En tanto, la jefe de Estado remarcó que “hay algunos a los que les molesta la Asignación Universal por Hijo”.
“Cuando no había asginación universal, se podía contratar a alguien por nada, pero cuando uno tiene la asignación hay un piso, no es que no se consigue gente para trabajar sino que no se consigue gente para explotar”, indicó.
Agregó que “si una mujer tiene tres hijos y por trabajar le pagan 400 pesos por siete horas no va a ir porque gana más por la asignación, la Asignación Universal por Hijo permitió que la gente no se deje explotar”.

Cristina tras el 8N: No todos tienen que pensar lo mismo | Cristina Fernández , 8N | minutouno.com

Como les va a convenir que haya pobreza ? Que mejor forma de conseguir votos que sacando gente de la pobreza a pasos agigantados ? Nunca entendí ese planteo.

De las marchas Kichneristas el 40% va porque le garpan, dejemos el chamuyo de amor a crsitina… Me gustaria ver si no ponen los micros de acercamiento, si no existieran los planes sociales, las asignaciones, cuanta gente llevarían…

Un 60% de los que van ahora ?

???

Igual , con cualquier líder seria lo mismo, si las marchas opositoras hay tanta gente, es por el odio al gobierno, no para apoyar a una persona…

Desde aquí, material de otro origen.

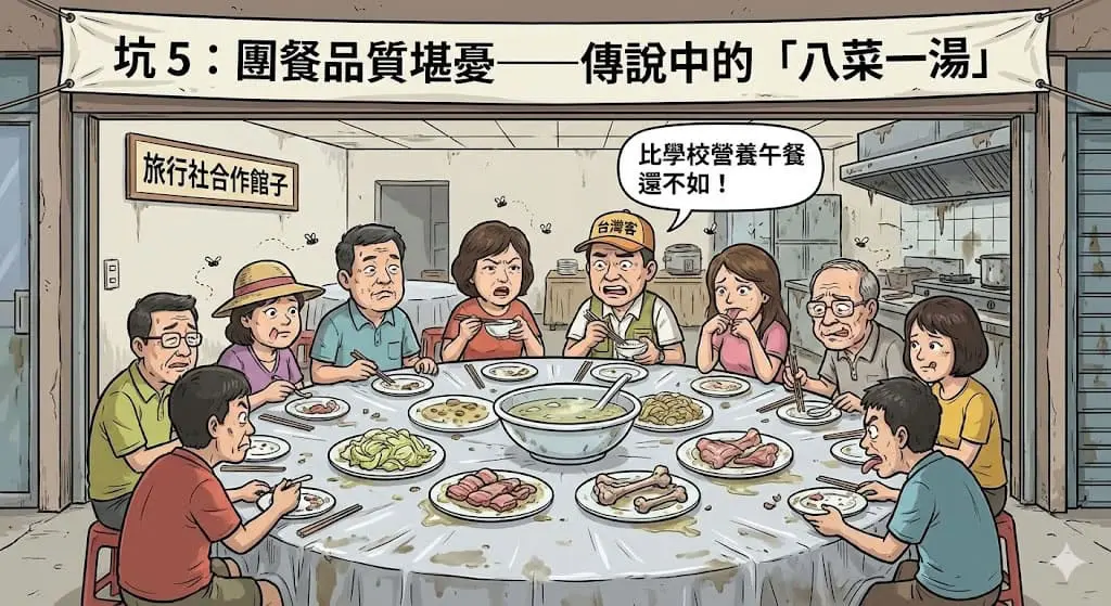 低價陷阱、趕行程、購物店太多、自費綁行程、團餐品質差、住宿老舊偏遠、景點外觀代替入內、導遊變推銷員、合約模糊、團友素質不一。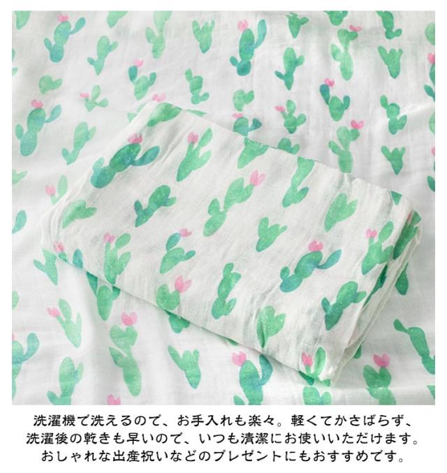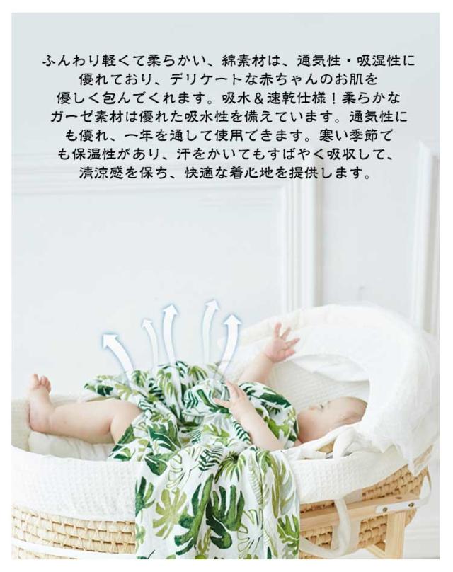 | 赤ちゃんをやさしく包み込むベビーブランケット。赤ちゃんのお肌にやさしいガーゼ素材のおくるみです。 ふんわり軽くて柔らかい、綿素材は、通気性・吸湿性に優れており、デリケートな赤ちゃんのお肌を優しく包んでくれます。吸水&速乾仕様!柔らかなガーゼ素材は優れた吸水性を備えています。通気性にも優れ、一年を通して使用できます。寒い季節でも保温性があり、汗をかいてもすばやく吸収して、清涼感を保ち、快適な着心地を提供します。 おくるみとしてはもちろん、シーツや肌掛けとしても赤ちゃんを適度な温度に保ってくれます。 コンパクトにたためるので、お出かけ時にもかさばらず、おむつ替えのマットや、ベビーカーの日よけ・虫よけにも、多用途でお使いいただけます。 洗濯機で洗えるので、お手入れも楽々。軽くてかさばらず、洗濯後の乾きも早いので、いつも清潔にお使いいただけます。 おしゃれな出産祝いなどのプレゼントにもおすすめです。 | |

Si los obligan a ir a las marchas por un plan social, puede ser con el voto tambien, si no fuera por esos votos, bajaria bastante el porcentaje, igual son “pobres”, porque con todo lo que le dan no son verdaderamente pobres, pero sin esa ayuda no existirian los votos. No se si me explico

“Los planes” como muchos le dicen, son trabajadores que estaban desocupados y el Estado se encarga de darle un laburo (obviamente ultra precarizado, sueldo miserable, etc). Estos planes son la consecuencia del movimiento piquetero, de la lucha de los piqueteros que en su momento desarrollaban una lucha independiente del Estado y de los gobiernos. Esto con el kirchnerismo se fue perdiendo y la mayoria de los movimientos piqueteros se fueron adaptando al kirchnerismo, y el gobierno fue impulsando su regimentación. Así se fueron creando los punteros, se fue implementando la extorsión y el manejo de la gente. Así se manejan la mayoría de los movimientos de desocupados, que obligan a ir a la gente a las marchas, movilizaciones, actos, hasta a fiscalizar en elecciones nacional o universitarias. (!!)
Hoy en día quedan pocos movimientos de desocupados que no respondan a algun gobierno, es el caso por ejemplo del Polo Obrero, organización que responde al PO, y que gana las reivindicaciones de los compañeros del Polo en la calle, luchando contra el gobierno y que internamente tiene un manejo asambleario y democrático.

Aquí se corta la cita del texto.